YOUR ASSIGNMENT -
Up to and including the line holding "വേനൽ മഴയും കാറ്റും", write out the data exactly from its first line, but not the pictures.

EXCERPTED DATA -
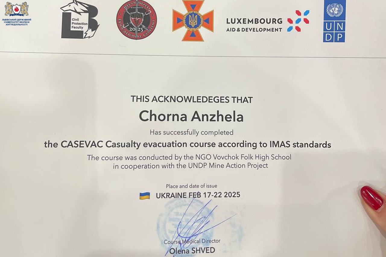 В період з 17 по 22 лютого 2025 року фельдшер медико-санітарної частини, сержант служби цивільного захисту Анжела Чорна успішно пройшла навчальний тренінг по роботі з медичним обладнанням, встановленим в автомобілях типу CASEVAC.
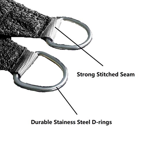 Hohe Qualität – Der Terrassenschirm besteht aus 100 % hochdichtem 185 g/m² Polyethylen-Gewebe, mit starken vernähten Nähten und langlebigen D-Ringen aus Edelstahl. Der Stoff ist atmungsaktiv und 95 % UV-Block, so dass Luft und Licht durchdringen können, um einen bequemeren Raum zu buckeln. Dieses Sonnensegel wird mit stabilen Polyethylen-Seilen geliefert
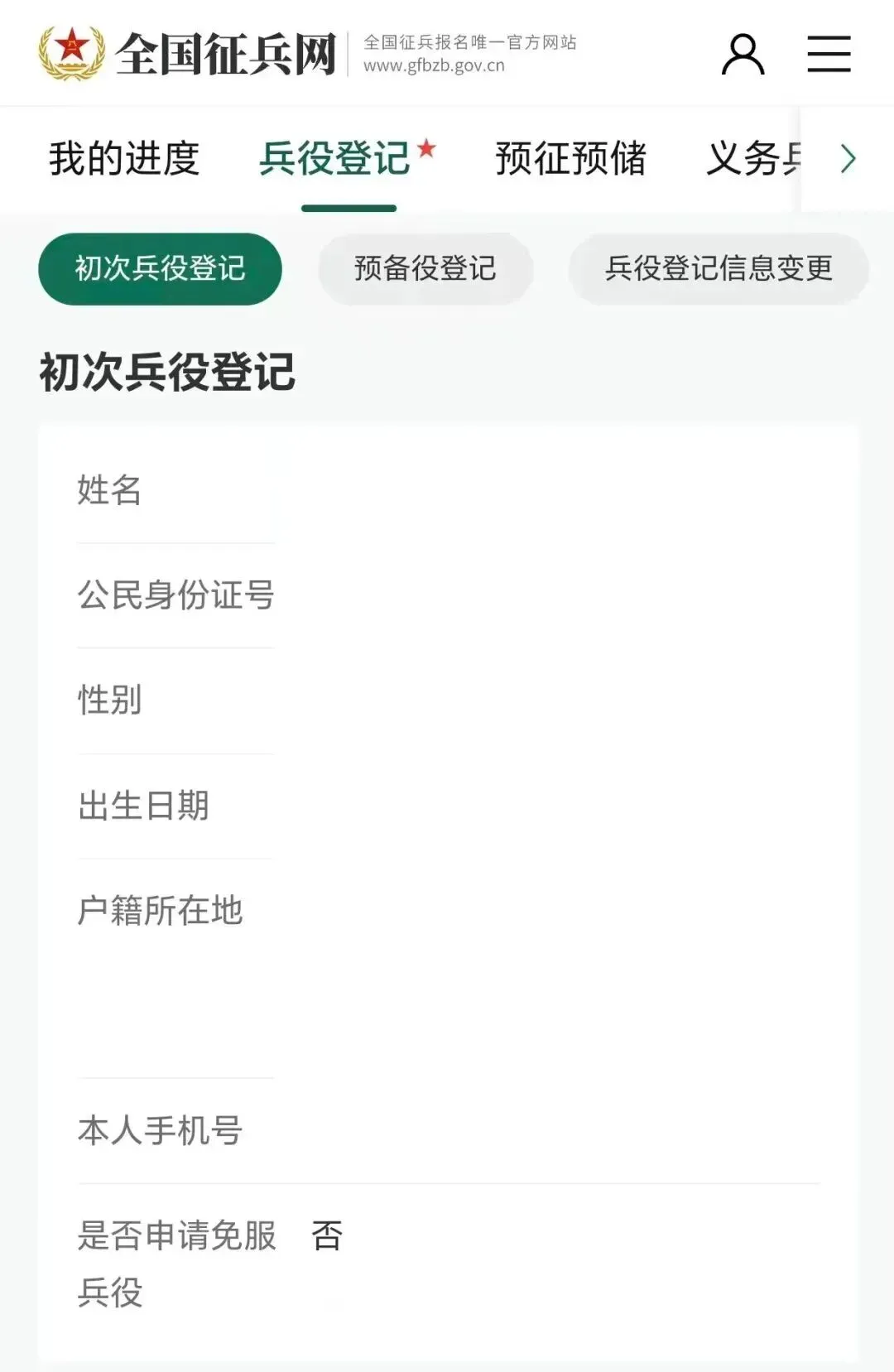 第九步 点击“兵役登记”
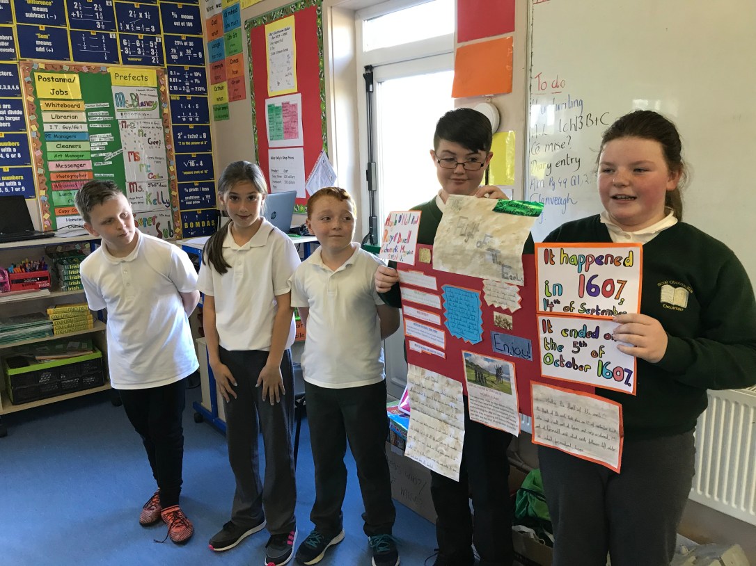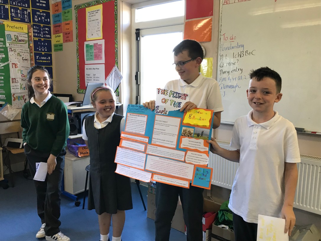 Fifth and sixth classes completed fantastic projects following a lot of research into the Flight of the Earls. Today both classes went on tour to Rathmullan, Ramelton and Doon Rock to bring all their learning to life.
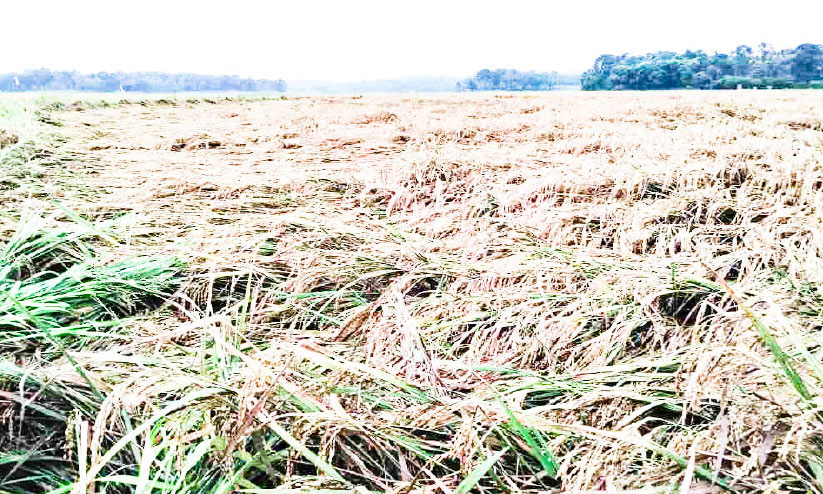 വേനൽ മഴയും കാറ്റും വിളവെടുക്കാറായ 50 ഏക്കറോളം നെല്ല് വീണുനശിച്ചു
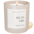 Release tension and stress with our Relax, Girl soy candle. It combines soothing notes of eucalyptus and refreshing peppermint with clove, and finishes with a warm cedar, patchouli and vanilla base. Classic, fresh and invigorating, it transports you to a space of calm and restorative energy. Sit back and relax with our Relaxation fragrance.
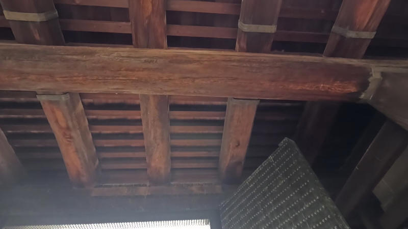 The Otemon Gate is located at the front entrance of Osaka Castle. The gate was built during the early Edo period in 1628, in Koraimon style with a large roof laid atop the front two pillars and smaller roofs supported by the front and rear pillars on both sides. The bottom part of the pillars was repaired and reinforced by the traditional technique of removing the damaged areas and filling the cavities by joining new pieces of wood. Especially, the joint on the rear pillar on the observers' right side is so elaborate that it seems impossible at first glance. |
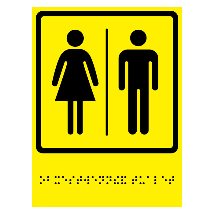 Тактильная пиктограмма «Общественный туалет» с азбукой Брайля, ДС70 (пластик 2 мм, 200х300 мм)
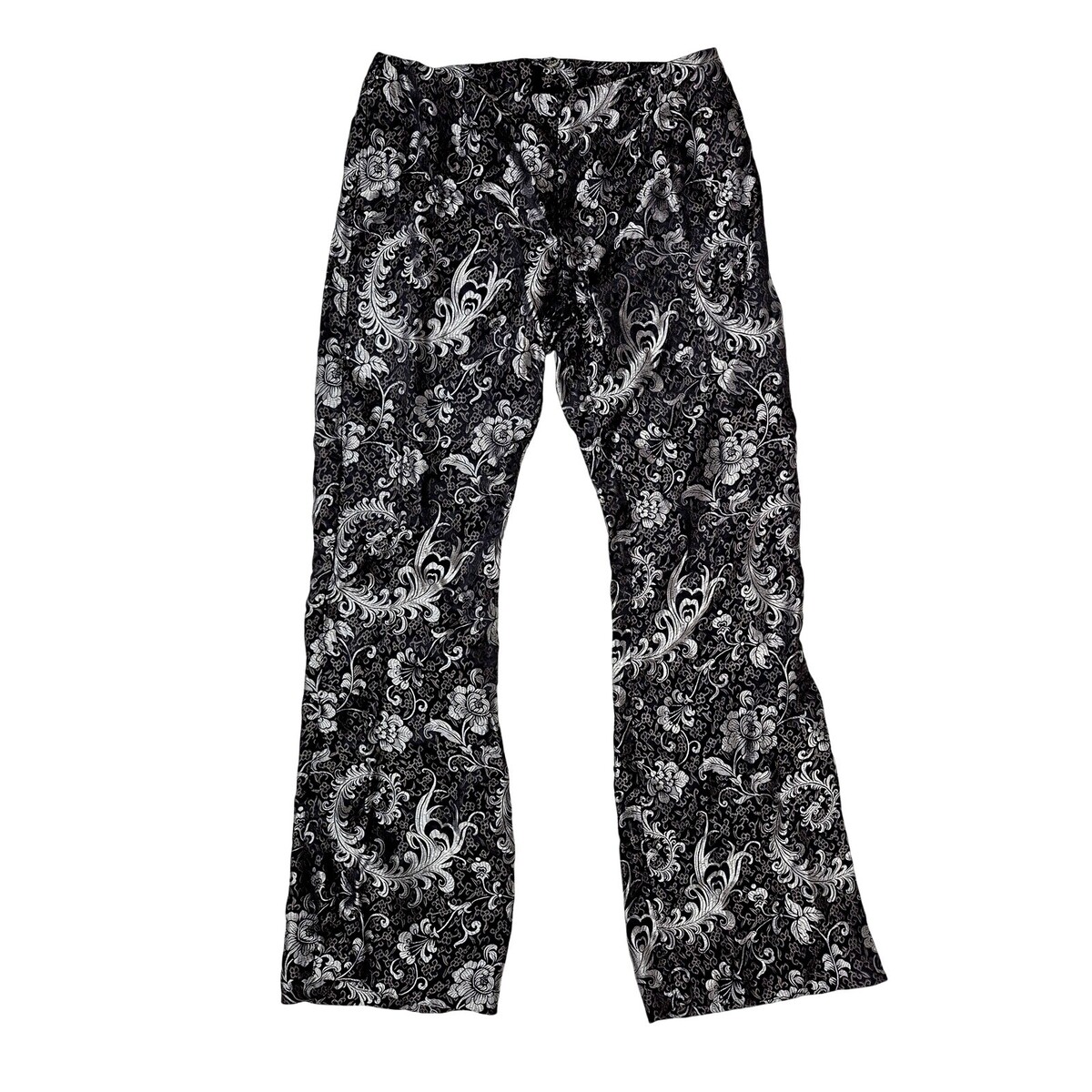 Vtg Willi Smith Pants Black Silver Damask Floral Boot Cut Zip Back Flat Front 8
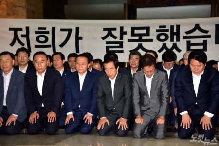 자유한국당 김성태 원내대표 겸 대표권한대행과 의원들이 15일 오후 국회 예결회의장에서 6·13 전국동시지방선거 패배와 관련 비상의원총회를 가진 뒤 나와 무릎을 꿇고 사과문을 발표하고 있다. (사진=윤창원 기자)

EXERCISE OUTPUT -
 В період з 17 по 22 лютого 2025 року фельдшер медико-санітарної частини, сержант служби цивільного захисту Анжела Чорна успішно пройшла навчальний тренінг по роботі з медичним обладнанням, встановленим в автомобілях типу CASEVAC.
 Hohe Qualität – Der Terrassenschirm besteht aus 100 % hochdichtem 185 g/m² Polyethylen-Gewebe, mit starken vernähten Nähten und langlebigen D-Ringen aus Edelstahl. Der Stoff ist atmungsaktiv und 95 % UV-Block, so dass Luft und Licht durchdringen können, um einen bequemeren Raum zu buckeln. Dieses Sonnensegel wird mit stabilen Polyethylen-Seilen geliefert
 第九步 点击“兵役登记”
 Fifth and sixth classes completed fantastic projects following a lot of research into the Flight of the Earls. Today both classes went on tour to Rathmullan, Ramelton and Doon Rock to bring all their learning to life.
 വേനൽ മഴയും കാറ്റും വിളവെടുക്കാറായ 50 ഏക്കറോളം നെല്ല് വീണുനശിച്ചു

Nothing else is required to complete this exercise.